Coming late to the Roundtable, I find there’s not a lot immediately to suggest about lists and canons, the former presumably being thought of as epiphytes of the latter: canon candy. I share most everyone here’s deep reluctance to generate best-of lists, and in fact usually fail to contribute to assemblages of same. Unlike some of us, I do relatively few books a year (maybe 20, and if the scifi.wire site continues to insist that navigation is yesterday, and that the definition of “book” is “to arrange a meet with film dosh”, I may be doing even fewer); and 20 books out of a milliard ain’t a good base to generate a best-of list, even if the project made better sense than any of us seem to credit it with…

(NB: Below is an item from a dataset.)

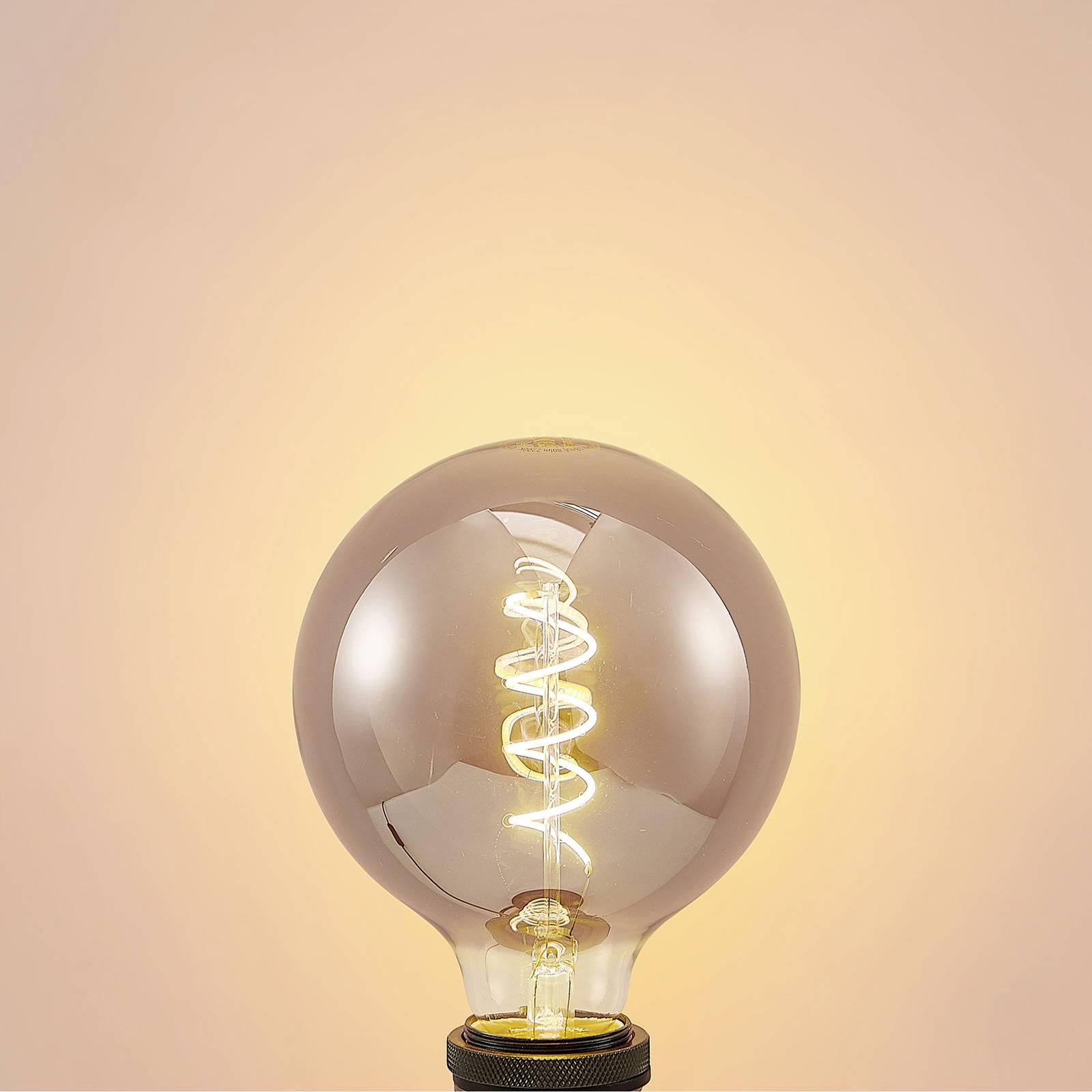 Lampada a globo E27 G125 LED 4W con vetro fumé decorativo, dimmerabile, in un pratico set da 5L'accattivante aspetto del vetro fumé incontra l'efficiente tecnologia LED. Questa lampada a globo E27 LED colpisce per il suo aspetto insolito e per la sua tecnologia a risparmio energetico. Se necessario, la lampada può essere regolata tramite un dimmer di fase leading-edge o trailing-edge ed è particolarmente adatta per apparecchi con paralume aperto o senza paralume. La lampada ha una resa cromatica particolarmente buona.Dati tecnici- Dimmerabile tramite dimmer leading-edge e trailing-edge- Classe di efficienza energetica B- Valore comparativo: 5 W- Durata di vita: 25.000 h- Cicli di commutazione: 50.000- Fattore di potenza >;
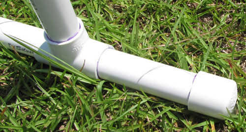 Conecte cada uno de los 1 Dia del PVC Sch 40 Tees + 6" piezas de 1 tubo de PVC de 200 PSI en cualquier lado del preparado 48" (4 pies) de piezas de 1 tubo de PVC Schedule 40. Asegúrese de que ambas conexiones son cuadrados (revisé mina contra un largo 2 x 4), como se trata de 1/2 la base de la "casa".

Do demur at the thought that certain titles need less attention because they already have a lot: that seem to surrender too much of the critic’s longitudinal (I quote Letson) function for my sense of things.

To go on to revolution or what: Russell says everything I would have if I’d thought it sooner about Kuhn and the false analogy between normal science and the conversation of SF, both of which are loosely thought to suffer substantially similar paradigm shifts. As Russell says, normal science works with propositional models subject to falsification (which is to say they are models which must be iterated within a testable frame); which does not describe the “riff-trading” (I’d long ago forgotten William Tenn’s formulation, good to see it back again) that generates the ongoing session of a live genre. In SF, a paradigm shift is usually a function of memory rather than discovery: that a dominant writer/work remembers/rebalances the riff, and the session accretes suddenly around the new tune. Which is not to say that there is nothing new under the sun: but that the real jolt of the new is to our memory cache. Which shakes, rattles, rolls, and out pops Dhalgren doing riverrun.

Each iteration of canon is a fossil, a motor humunculus of the whole. More later, if I’m not stopped.